U.S. Supreme Court Copyright Non-Infringement Ruling Results in Global Expansion of the First-Sale Defense

April 3, 2013

By: Mary Lou Wakimura

Hamilton Brook Smith Reynolds Alert

  • The first-sale doctrine has no geographical boundaries and is a defense to copyright infringement when copyrighted goods lawfully made abroad are imported into the U.S. and re-sold.
  • The U.S. should expect an increase in the availability of “gray market” goods authorized to be made and sold abroad, but imported into the U.S. for resale at discounted prices.
  • Manufacturers and publishers of copyrighted materials may need to lobby Congress for more protection against the importation of lower priced, foreign-made and sold copyrighted works.

On March 19, 2013, in Kirtsaeng v. John Wiley & Sons Inc., the U.S. Supreme Court addressed the geographical boundaries of the first-sale doctrine and held that copyright protection is not territorial.  According to the 1976 U.S. Copyright Act, a copyright owner has the exclusive right to “distribute copies of a copyrighted work."  This exclusive right to distribute includes a prohibition against “importation into the U.S., without the authority of the owner of the copyright…” of copies of the copyrighted work.  However, copyright infringement is limited by the "first-sale" doctrine, which provides that a first buyer (and subsequent owners of) “a particular copy or phonorecord lawfully made under this title….is entitled, without authority of the copyright owner, to sell or otherwise dispose of the possession of that copy....”  In other words, the first-sale exhausts the copyright owner’s exclusive distribution rights.  An example of lawful distribution is an individual who, subsequent to purchasing an authorized copy of a copyrighted book, sells his copy to another person.

Prior to this decision, the U.S. Supreme Court in Quality King addressed the geographical scope of the first-sale doctrine as a defense to copyright infringement for goods made in the U.S. and sold abroad.  The Court held that the first-sale doctrine is applicable and authorizes the resale of copies made in the U.S., sold abroad and imported back into the U.S.
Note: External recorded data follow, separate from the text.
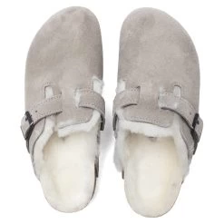 Birkenstock reimagines the traditional Arizona model with a Shearling lining for luxe and smooth experience. A cork-latex footbed features an EVA sole for comfort which works alongside the suede upper straps. Functional details include adjustable closures and a cork-latex footbed for optimal cushioning.
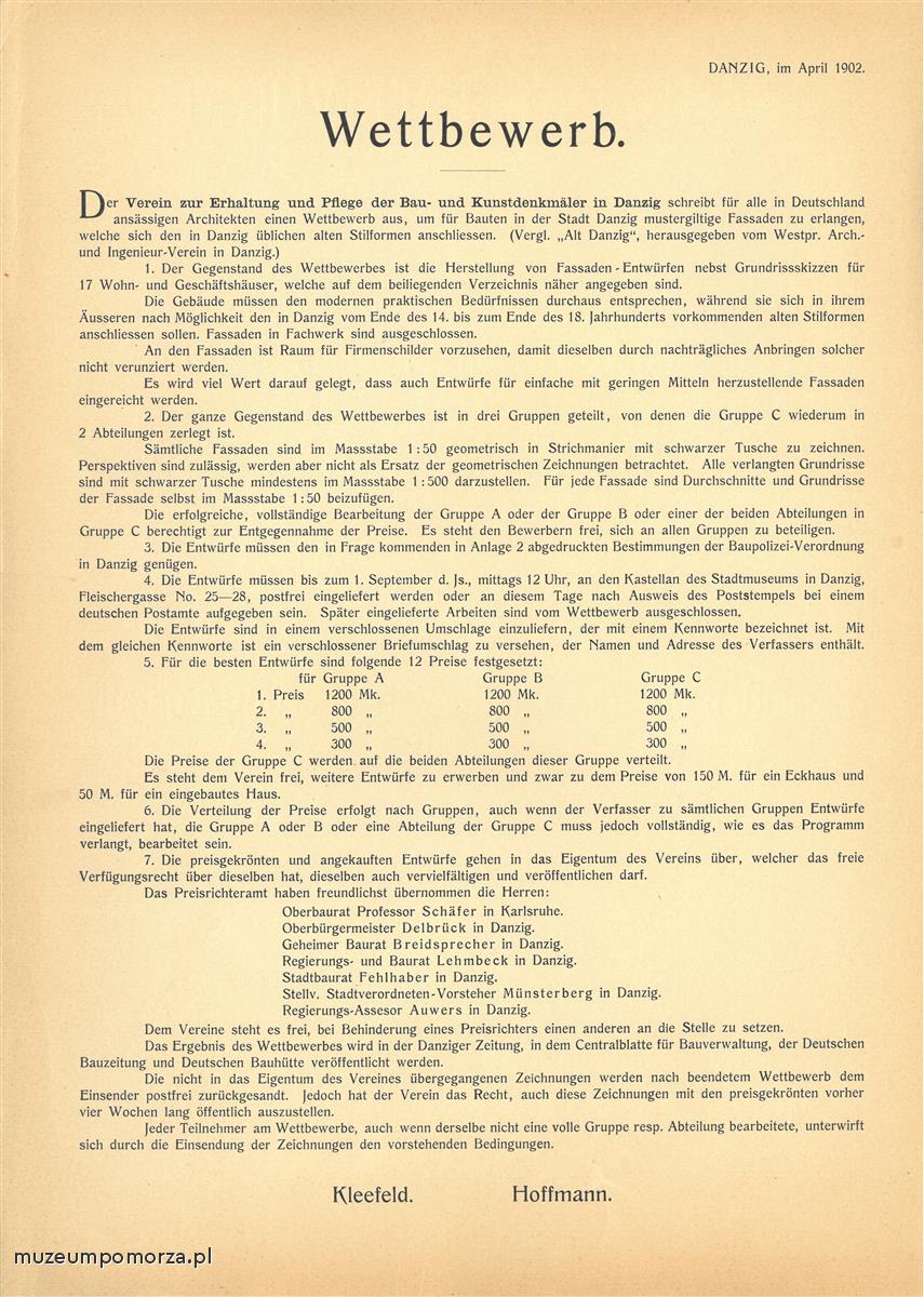 Strona katalogu wydanego przez Stowarzyszenie na rzecz Zachowania i Opieki nad Zabytkami Architektury i Sztuki w Gdańsku (Verein zur Erhaltung und Pflege der Bau- und Kunstdenkmäler in Danzig). Katalog przedstawia projekty gdańskich fasad zgłoszone na konkurs w 1902 r.
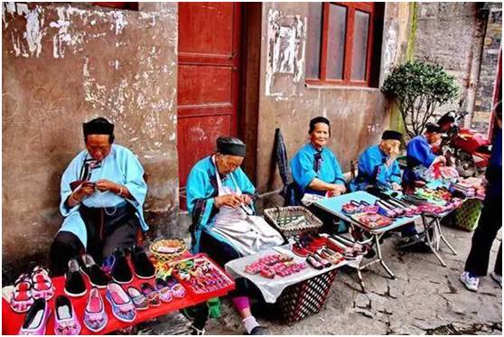 街头巷尾,妇女们都穿着“凤阳汉装”,宝蓝色的宽袖大襟衣

In the present case of Kirtsaeng v. John Wiley & Sons Inc., Wiley authorized its Asian subsidiary to publish and sell copyrighted text books abroad at a retail price lower than the corresponding retail price of the same text books published and sold in the U.S.  Kirtsaeng, while studying in the U.S., had friends and family in Thailand purchase and send to him over 600 text books published and sold by Wiley Asia.  Kirtsaeng then sold the books on eBay at a discounted price, reimbursed the expenses of his friends and family, and kept $100,000 in profits.  Based on the precedent of Quality King, Wiley argued in the lower courts that the phrase "lawfully made under this title" from the first-sale doctrine geographically restricted the scope of the doctrine to copyrighted works made in the U.S.  Wiley thus contended that the first-sale doctrine defense should not be extended to copyrighted works manufactured abroad.  Kirtsaeng argued that because the textbooks were lawfully published in Thailand and legally purchased in Thailand, the first-sale doctrine permitted importation and resale without Wiley's further permission.  The lower courts found for Wiley holding that Kirtsaeng could not assert the first-sale defense because the doctrine did not apply to foreign-made goods.
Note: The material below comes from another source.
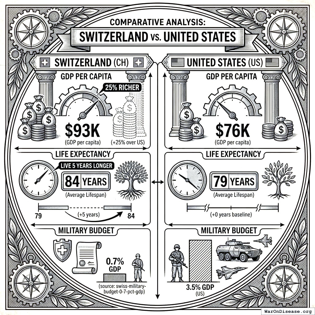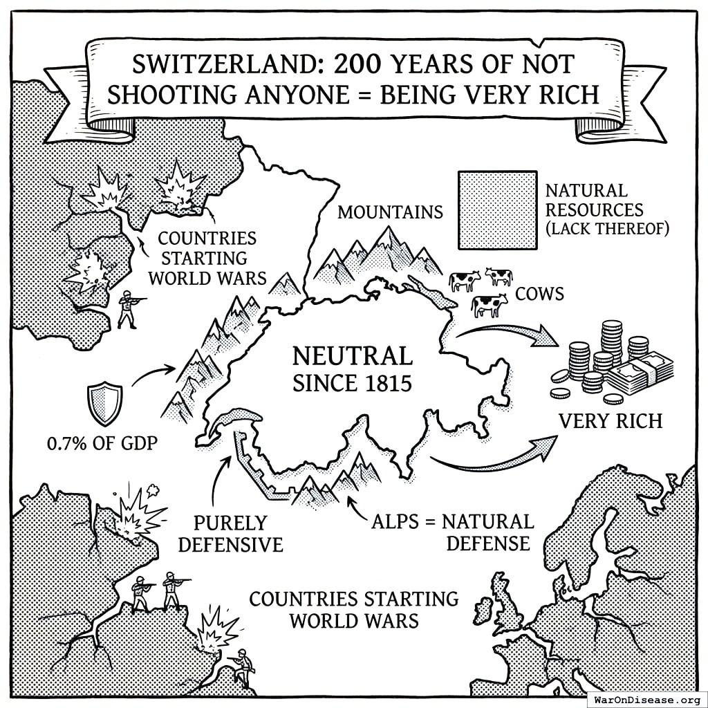 Why this matters for you: Peace dividends compound over centuries. Switzerland proves you don’t need oil, colonies, or weapons to get rich. Just stop wasting money on things that explode. They’ve been doing this for 200 years. You’re asking for a 1% start.

These same arguments were presented to the U.S. Supreme Court.  The Supreme Court further considered amicus briefs filed by members of the retail industry on behalf of Kirtsaeng, indicating that the importation of traditionally copyrighted works, such as books, electronic games and manufactures containing copyrighted software, constitute a $220 billion industry.  The position of the retailers was that the threat of infringement would be extremely disruptive if copyright protection was viewed territorially.  Kirtsaeng prevailed on the appeal.  The Supreme Court held that the subject phrase “lawfully made under this title” did not impose a geographical limit to use of the first-sale defense, and that the first-sale doctrine applies to copies of a copyrighted work lawfully made abroad.
 
In Kirtsaeng, the Supreme Court upheld the concept that copyright protection is not territorial and expanded the boundaries of the first-sale doctrine defense to U.S copyright infringement based on worldwide activity.  In support of their decision, the Supreme Court cited the importance of allowing buyers of copyrighted goods to be free to compete with each other when reselling those goods.  In general, competition is advantageous to the consumer when buyers are free to resell without price constraints.
 
In the dissent, three justices stated that the decision renders copyright protection essentially meaningless against the unauthorized importation of foreign-made copies of protected works, and undermines the ability of copyright owners to charge different prices for their works due to worldwide economic and financial considerations.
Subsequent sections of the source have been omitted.